MAYBE

Problem:
 p(a(x0),p(a(a(a(x1))),x2)) -> p(a(x2),p(a(a(b(x0))),x2))

Proof:
 DP Processor:
  DPs:
   p#(a(x0),p(a(a(a(x1))),x2)) -> p#(a(a(b(x0))),x2)
   p#(a(x0),p(a(a(a(x1))),x2)) -> p#(a(x2),p(a(a(b(x0))),x2))
  TRS:
   p(a(x0),p(a(a(a(x1))),x2)) -> p(a(x2),p(a(a(b(x0))),x2))
  Restore Modifier:
   DPs:
    p#(a(x0),p(a(a(a(x1))),x2)) -> p#(a(a(b(x0))),x2)

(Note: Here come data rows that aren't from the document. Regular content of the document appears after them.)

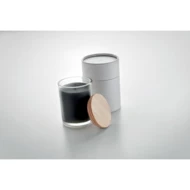 Roślinna woskowa świeca o zapachu wanilii w szkle z bambusowym wieczkiem, prezentowana w papierowym pudełku prezentowym w kształcie tuby. Spraw, aby Twój dom otulił przyjemny zapach zapachu wanilii. Gdy nie używasz świecy, zamknij ją bambusową pokrywką, aby nadać jej bardziej naturalny wygląd Czas palenia: 40 godzin. Bambus jest produktem naturalnym, mogą występować niewielkie różnice w kolorze i rozmiarze poszczególnych elementów, co może mieć wpływ na końcowy efekt dekoracji.240gr.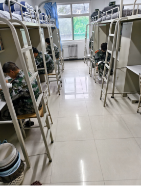 因突如其来的降雨,军训训练计划临时调整。各连队新生在教官指导下,于宿舍内进行了高标准的内务整理,不似昨天的踟蹰,得到教官真传的同学们很快整理完毕。结束后,同学们并未松懈,而是在等待教官检查的间隙,自发预习起大学课程,展现出新一届学子自律向学的良好风貌。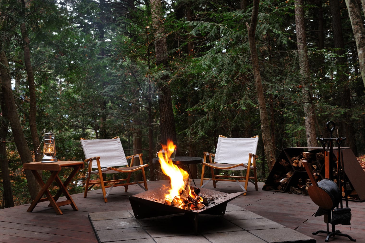 狩猟体験の前日には、星のや富士の森を歩き、動物の獣道や痕跡を見つけて息遣いを感じ、焚き火を囲んで過ごすことで、人と動物が共存する自然の中で翌日の狩猟への期待感を高めます。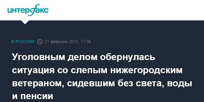 Уголовным делом обернулась ситуация со слепым нижегородским ветераном, сидевшим без света, воды и пенсии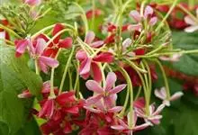 使君子 Jongkind)是使君子科、使君子属攀援灌木,叶对生,椭圆形,两面均被灰白色柔毛。穗状花序,倒挂下垂。花期夏秋。果有五棱,熟时黑色,种子白色。分布于印度、缅甸、菲律宾和中国。喜温润,深根性,…全部>>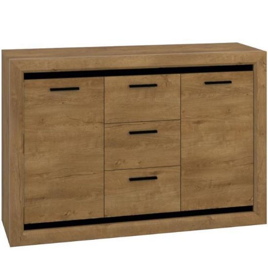 Komoda 138 Baltica to niepozorny ale bardzo praktyczny i pakowny mebel do pokoju dziennego czy sypialni. Swoją prostotą i klasycznym kształtem na pewno uraczy miłośników stylu loftowego, klasycznego czy vintage. Czarne elementy wykończeniowe z pewnością nadają jej charakteru i przełamują odcień dębu. Komoda posiada 3 wysuwane szuflady i dwie szafki, a dodatkowo spora powierzchnia blatu pozwoli wyeksponować pamiątki z ostatnich wakacji, rodzinne zdjęcie czy lampkę nocną. Mebel do samodzielnego montażu.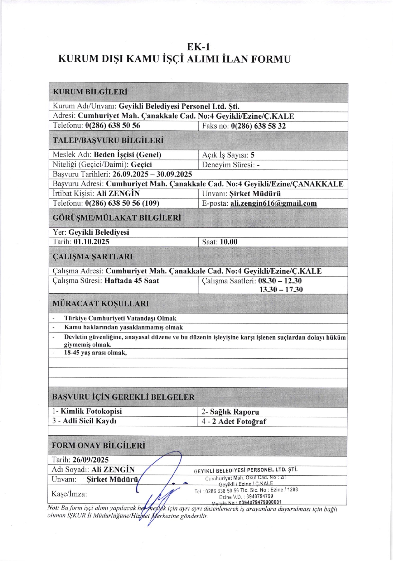 Çanakkale Geyikli Belediyesi Geçici 5 İşçi Alacak. Son başvuru tarihi 30 Eylül 2025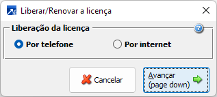 Liberação/renovação da licença por telefone ou por internet de forma manual.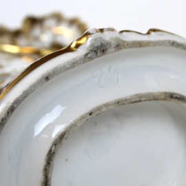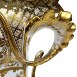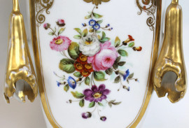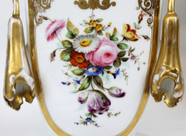 Coppia di vasi Luigi Filippo in porcellana policroma, decoro a motivi di foglie e bouquet di fiori, cm h 39, (difetti, restauri e mancanze).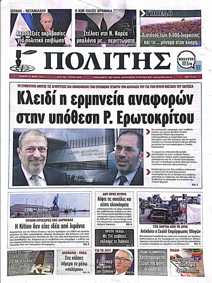 POLİTİS “Rikkos Erotokritos davasında önemli olan raporların yorumlanmasıdır” başlığı ile aktardığı manşet haberinde Konsey’in satın alımları duyduğuna ve Rum Sayıştay Başakanı Odisseas Mihailidis’in ilk itirazına ilişkin kararını önümüzdeki Çarşamba günü duyuracağına değiniyor.
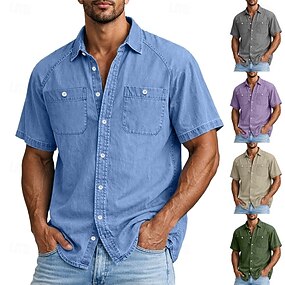 Per uomo Camicia Camicia casual Camicia con Bottoni Camicia 100% cotone lavaggio acido Blu Nero Verde chiaro Viola Verde Manica Corta Semplice Colletto a Camicia Casuale Quotidiano Tasca Frontale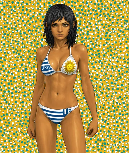 約束通り、このタグ付け方法と「低データセット」での適切なステップ数に関する私の仮説をテストしました。可能な限り「現実の」画像を最小限にしたい場合、できることはそれほど多くないからです。結果は成功したようで、南米諸国のフラグ bikiniを制作するというまた別のプロジェクトに自分を巻き込んでしまったようです(笑)。でも気にしません。毎日同じことを繰り返す単調さを打ち破り、また新しい実験で自分の快適ゾーンから抜け出せたからです。今回の学びを活かして、再び「Military Sans Frontiers」LoRAに戻るかもしれません。それこそ私がやりたかったプロジェクトです。きっとMetal Gear Solidシリーズをこんなに愛している私のことを、少し変だと思われるでしょう(笑)!でも、学ぶ機会を得られたことに感謝しています。同じことを繰り返していて行き詰まるたび、つまらなくなるからです。
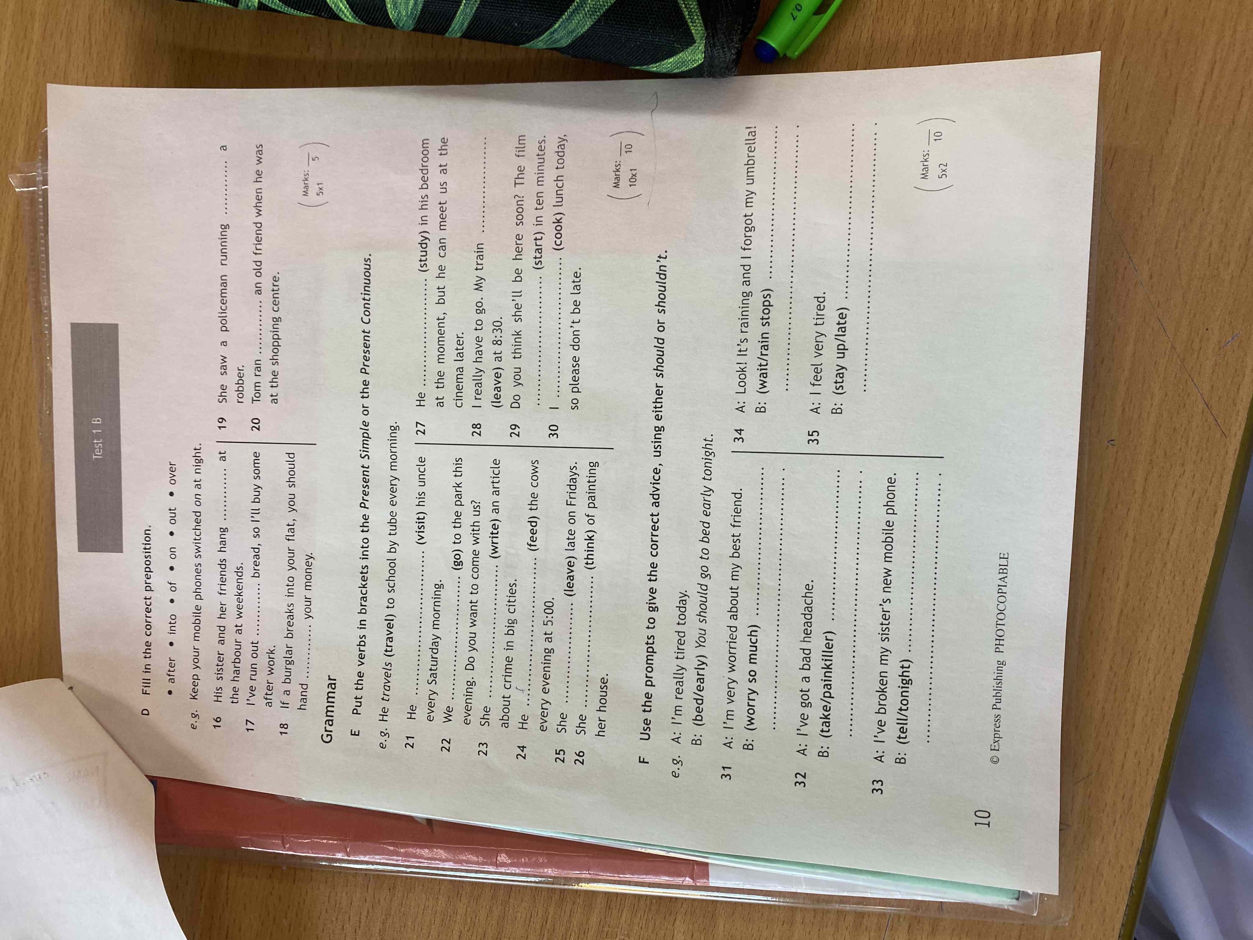 D Fill in the correct preposition. e.g. Keep your mobile phones switched on at night. 16 His sister and her friends hang ______ the harbour at weekends. 17 I've run _____ bread, so I'll buy some after work. 18 If a burglar breaks into your flat, you should hand ______ your money.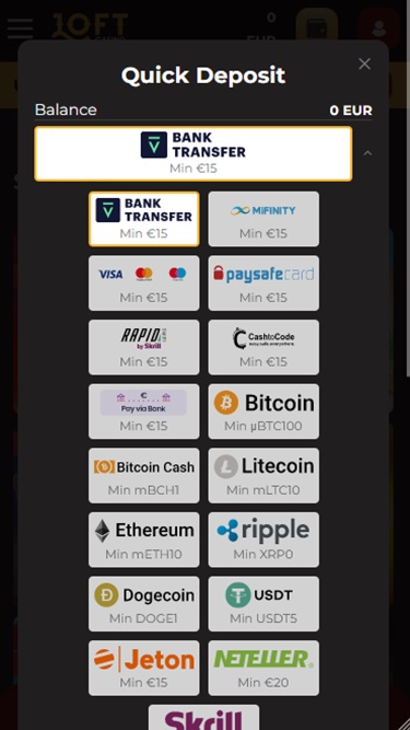 Loft Casino 支持德语、英语、法语和俄语。该平台的移动版本也非常稳定可靠,因此 iOS 和 Android 用户都可以享受到同样精致优质的游戏。

    p#(a(x0),p(a(a(a(x1))),x2)) -> p#(a(x2),p(a(a(b(x0))),x2))
   TRS:
    p(a(x0),p(a(a(a(x1))),x2)) -> p(a(x2),p(a(a(b(x0))),x2))
   SCC Processor:
    #sccs: 1
    #rules: 2
    #arcs: 4/4
    DPs:
     p#(a(x0),p(a(a(a(x1))),x2)) -> p#(a(a(b(x0))),x2)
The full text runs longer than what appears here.